New Rules in New Kind of War
Strikes against Osama bin Laden's terrorist network may represent a model for post-cold-war military action.
With a salvo of cruise missiles, the United States has escalated its involvement in a fight where the enemy is unpredictable, the battlefield undefined, and final victory unforeseen.
Washington's self-declared war against the stateless terror network of Osama bin Laden could well be a model for early 21st century conflict, say experts. The dangers Mr. bin Laden represents are just the sort of threats to US security that many experts predicted would emerge in the aftermath of the cold war.
Whether cold-war-era weapons such as Tomahawk missiles will be effective is another question. The record of Israeli-style explosive response to terrorism is mixed. Its success often involves not so much physical destruction as a boost in morale for terror's targets - and a message to terrorists that they are not just playing with a punching bag.

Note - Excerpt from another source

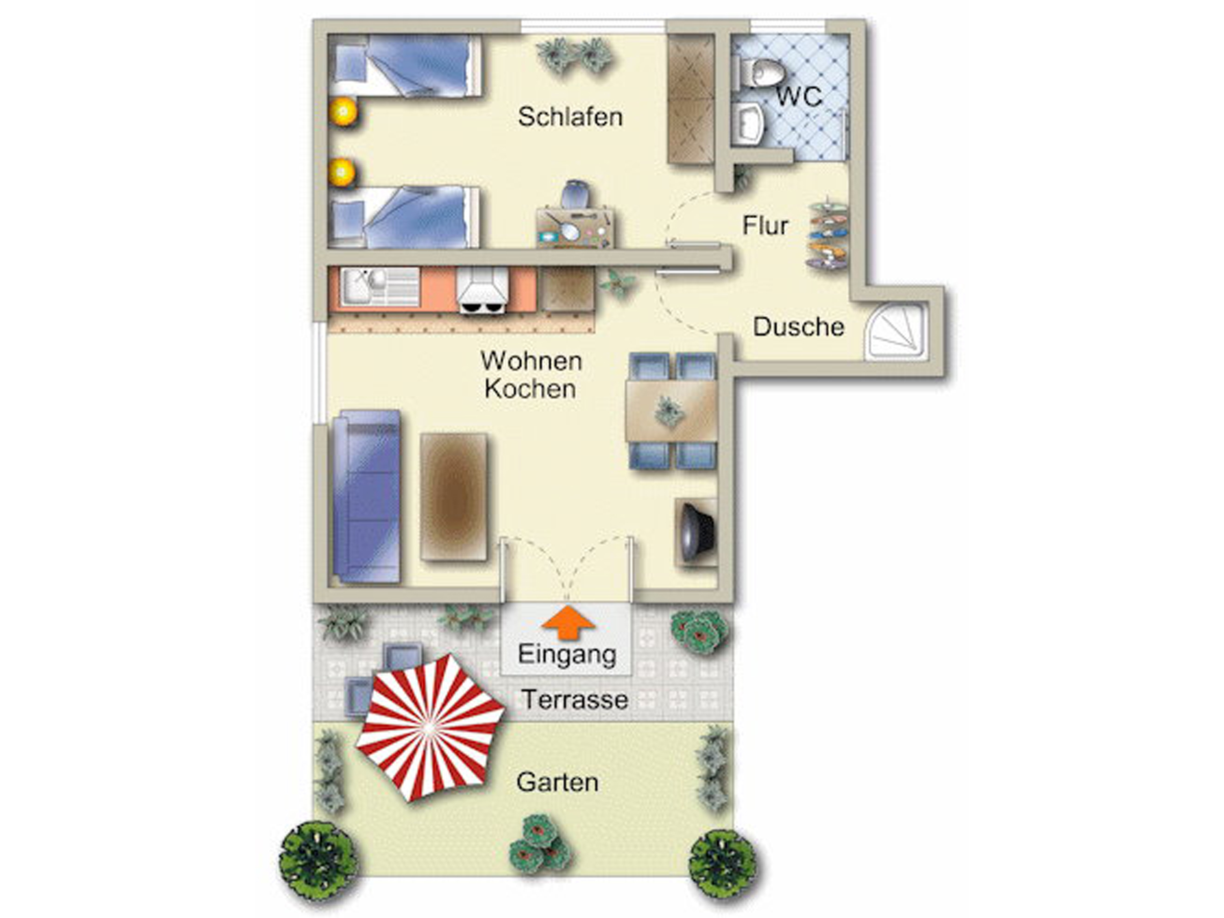 Nichtraucher-Ferienwohnung, bedingt Behindertengerecht, ebenerdiger Eingang über die Terrasse möglich. Wohnküche mit ausziehbarem Schlafsofa, Essecke, SAT-TV und W-LAN. Extra Schlafzimmer mit Doppelbetten (auch getrennt stellbar), extra WC und kleine Diele. Schöne Terrasse mit Liegewiese und Sitzgruppe im Garten mit Grillmöglichkeit.

"Sitting idly by would be perhaps the worse policy," says Bruce Hoffman, an American who heads the Center for the Study of Terrorism and Political Violence at St. Andrews University in Scotland. "But we should have realistic expectations. We are not going to achieve a spectacular victory overnight, if we even achieve a victory at all."
US officials insist that last week's strikes against a terrorist training camp in Afghanistan and a suspected chemical-weapons plant in Sudan should not be seen simply as retaliation for the bombing of US embassies in Kenya and Tanzania.
Instead, officials say, the blows mark a fundamental change in the country's long-term approach to dealing with terrorism. "Terrorists should know that we will not simply play passive defense," wrote Secretary of Defense William Cohen in an opinion article published this weekend.
An attack of firsts
The missile strikes mark the first known time in which the US has used offensive military action to preempt terrorist attacks. Officials said one reason they acted when they did was that they had information the bin Laden network was planning further bombings.
The action also marked the first time the US has taken out a facility suspected of providing terrorists with weapons of mass destruction. Experts have long warned that such weapons will pose one of the gravest risks to US interests in the early decades of the next century.
Still, going on the offensive raises serious issues. They include the question of whether this approach will be more effective in deterring terrorism than the administration's previous policy: putting together a legal case in hope of one day tracking down perpetrators and bringing them to trial in the US.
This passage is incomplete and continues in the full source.